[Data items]
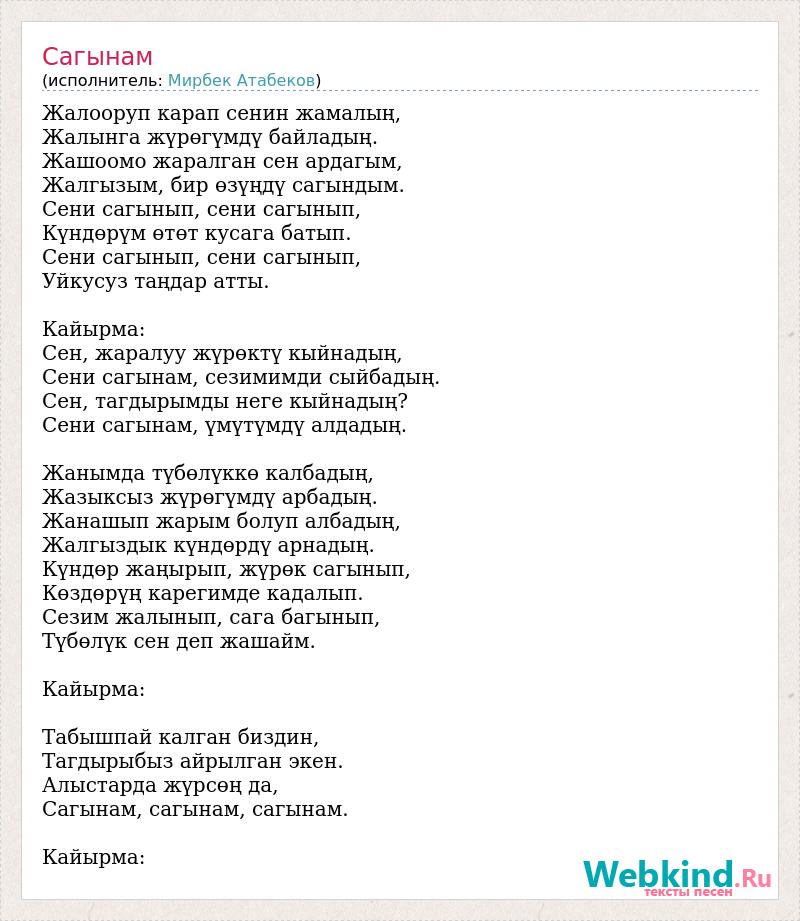 Жалооруп карап сенин жамалың, Жалынга жүрөгүмдү байладың. Жашоомо жаралган сен ардагым, Жалгызым, бир өзүңдү сагындым. Сени сагынып, сени сагынып, Күндөрүм өтөт кусага батып. Сени сагынып, сени сагынып, Уйкусуз таңдар атты. Кайырма: Сен, жаралуу жүрөктү кыйнадың, Сени сагынам, сезимимди сыйбадың. Сен, тагдырымды неге кыйнадың? Сени сагынам, үмүтүмдү алдадың. Жанымда түбөлүккө калбадың, Жазыксыз жүрөгүмдү арбадың. Жанашып жарым болуп албадың, Жалгыздык күндөрдү арнадың. Күндөр жаңырып, жүрөк сагынып, Көздөрүң карегимде кадалып. Сезим жалынып, сага багынып, Түбөлүк сен деп жашайм. Кайырма: Табышпай калган биздин, Тагдырыбыз айрылган экен. Алыстарда жүрсөң да, Сагынам, сагынам, сагынам. Кайырма:
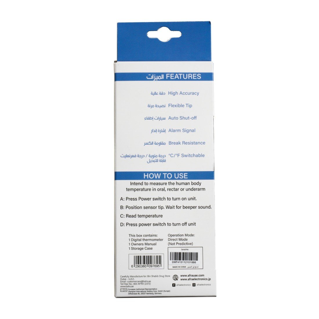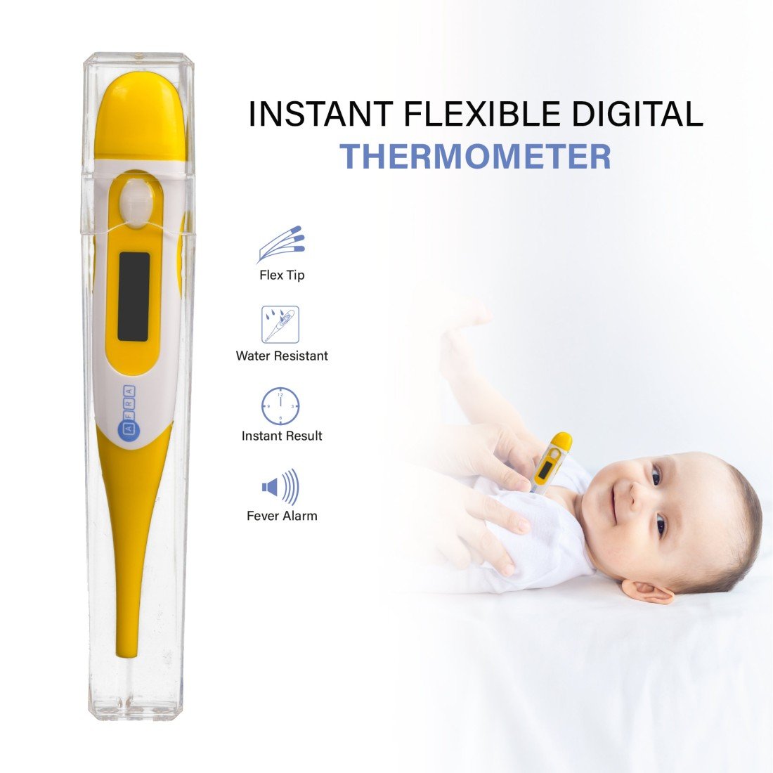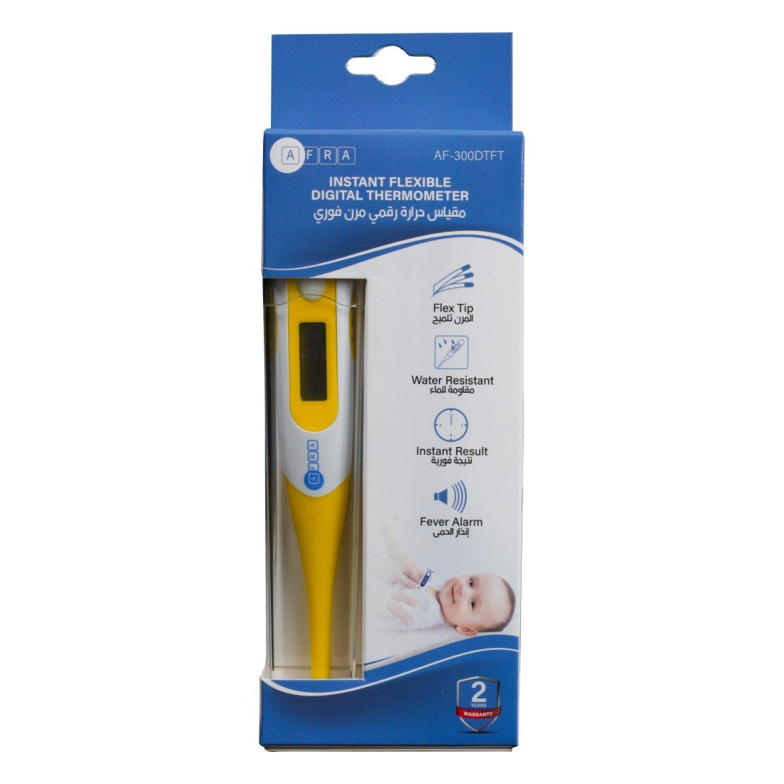 The AFRA Instant Flexible Digital Thermometer AF-300DTFT delivers fast, accurate temperature readings in just seconds. Designed with a flexible soft tip for safety and comfort, especially for infants and children, this thermometer is ideal for oral, rectal, or underarm use. The sleek white body ensures a clean and hygienic feel, while the digital display provides easy-to-read results. Compact and portable, this essential health tool is perfect for home or travel use. Backed by a 2-year warranty, it combines reliability, comfort, and ease of use for the whole family.
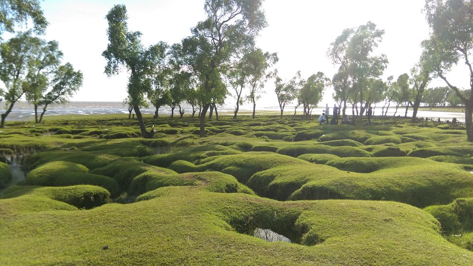 Guakhali beach has varied the variety of green carpet grass. The open grasslands of green grass near the sea will surely add to your eyes. The green grass on the beach is naturally awakened in this field, the curved pipe water is filled with the tide. The green grass surrounding it and the small canal in its entirety will impress anyone with this view.
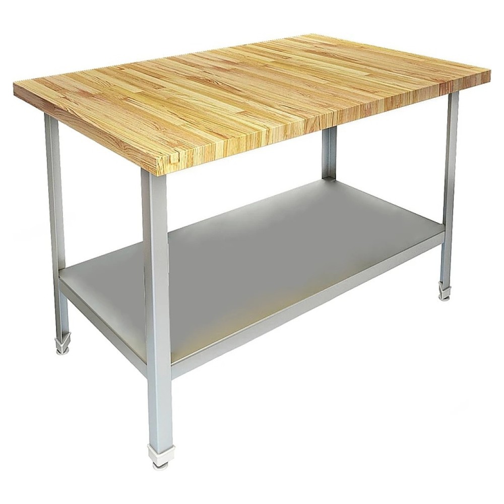 Кондитерский стол Техно-ТТ СП-313/1208 предназначен для раскатки теста и обработки ингредиентов для приготовления кондитерских и хлебобулочных изделий, а также для расстановки и хранения посуды и кухонного инвентаря на предприятиях общественного питания и торговли. Модель оснащена регулируемыми по высоте ножками, что позволяет компенсировать неровности пола. Разборный каркас выполнен из уголка крашенного металла, сплошная полка-накладка из стали AISI 430, столешница - из бука толщиной 40 мм.
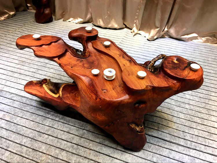 Myanmar flower pears root carving tea table tea sea solid wood root carved tea table whole tree root tea table qutian tea table and chair special price
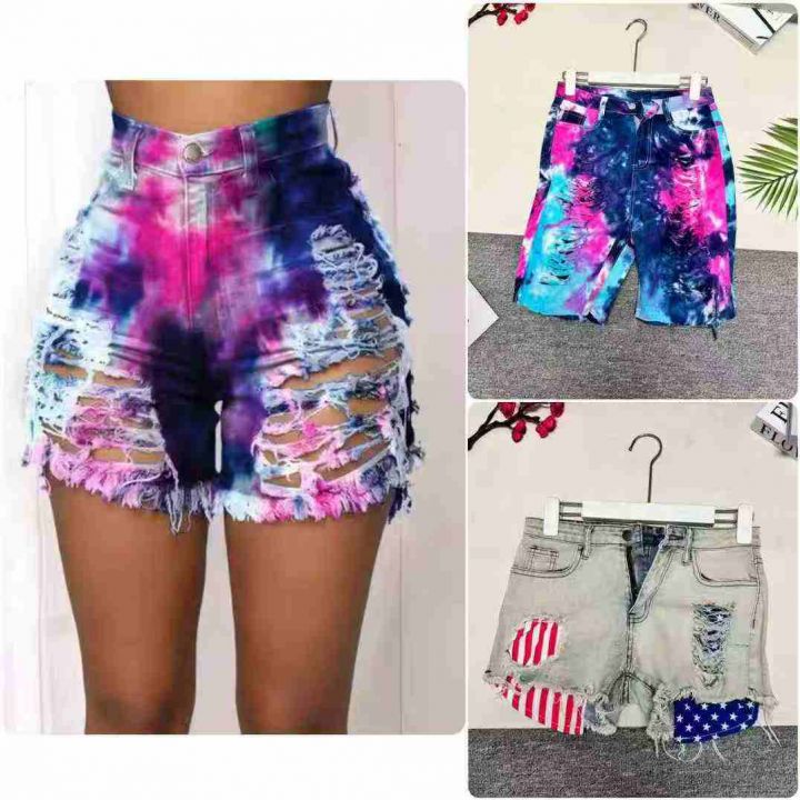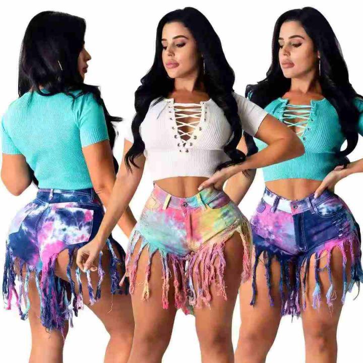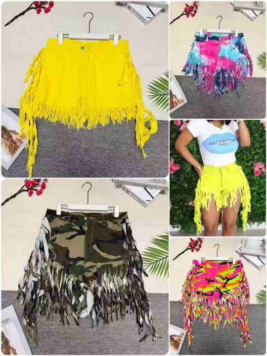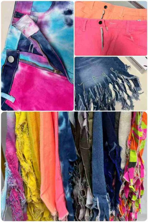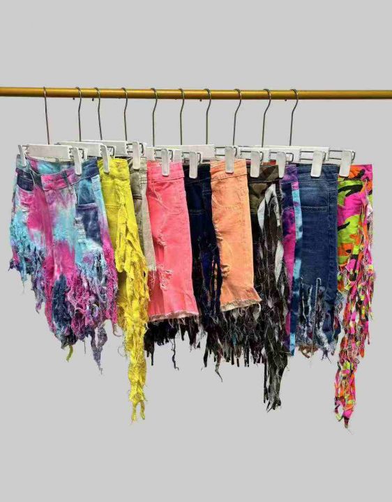 欧美高腰扎染流苏破洞毛边修身直筒短裤,数量200条左右,码数S-2XL,小整款带点杂,品质好,有独立包装。
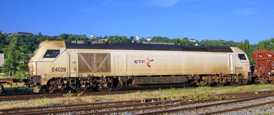 la E4029 - 92 87 0 004 029-0 F-ETF sur une rame sur le départ pour RVB sur la base de travaux de la gare de Laon le 26-06-2018
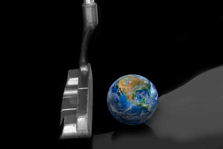 Planet Earth in a burnt hole. Environmental pollution. Global warming.

Prompt: Starting at the line with "The AFRA Instant", reproduce exactly each line through the end of the entries, including the first and the last, and skip the pictures.

Response to the exercise:
 The AFRA Instant Flexible Digital Thermometer AF-300DTFT delivers fast, accurate temperature readings in just seconds. Designed with a flexible soft tip for safety and comfort, especially for infants and children, this thermometer is ideal for oral, rectal, or underarm use. The sleek white body ensures a clean and hygienic feel, while the digital display provides easy-to-read results. Compact and portable, this essential health tool is perfect for home or travel use. Backed by a 2-year warranty, it combines reliability, comfort, and ease of use for the whole family.
 Guakhali beach has varied the variety of green carpet grass. The open grasslands of green grass near the sea will surely add to your eyes. The green grass on the beach is naturally awakened in this field, the curved pipe water is filled with the tide. The green grass surrounding it and the small canal in its entirety will impress anyone with this view.
 Кондитерский стол Техно-ТТ СП-313/1208 предназначен для раскатки теста и обработки ингредиентов для приготовления кондитерских и хлебобулочных изделий, а также для расстановки и хранения посуды и кухонного инвентаря на предприятиях общественного питания и торговли. Модель оснащена регулируемыми по высоте ножками, что позволяет компенсировать неровности пола. Разборный каркас выполнен из уголка крашенного металла, сплошная полка-накладка из стали AISI 430, столешница - из бука толщиной 40 мм.
 Myanmar flower pears root carving tea table tea sea solid wood root carved tea table whole tree root tea table qutian tea table and chair special price
 欧美高腰扎染流苏破洞毛边修身直筒短裤,数量200条左右,码数S-2XL,小整款带点杂,品质好,有独立包装。
 la E4029 - 92 87 0 004 029-0 F-ETF sur une rame sur le départ pour RVB sur la base de travaux de la gare de Laon le 26-06-2018
 Planet Earth in a burnt hole. Environmental pollution. Global warming.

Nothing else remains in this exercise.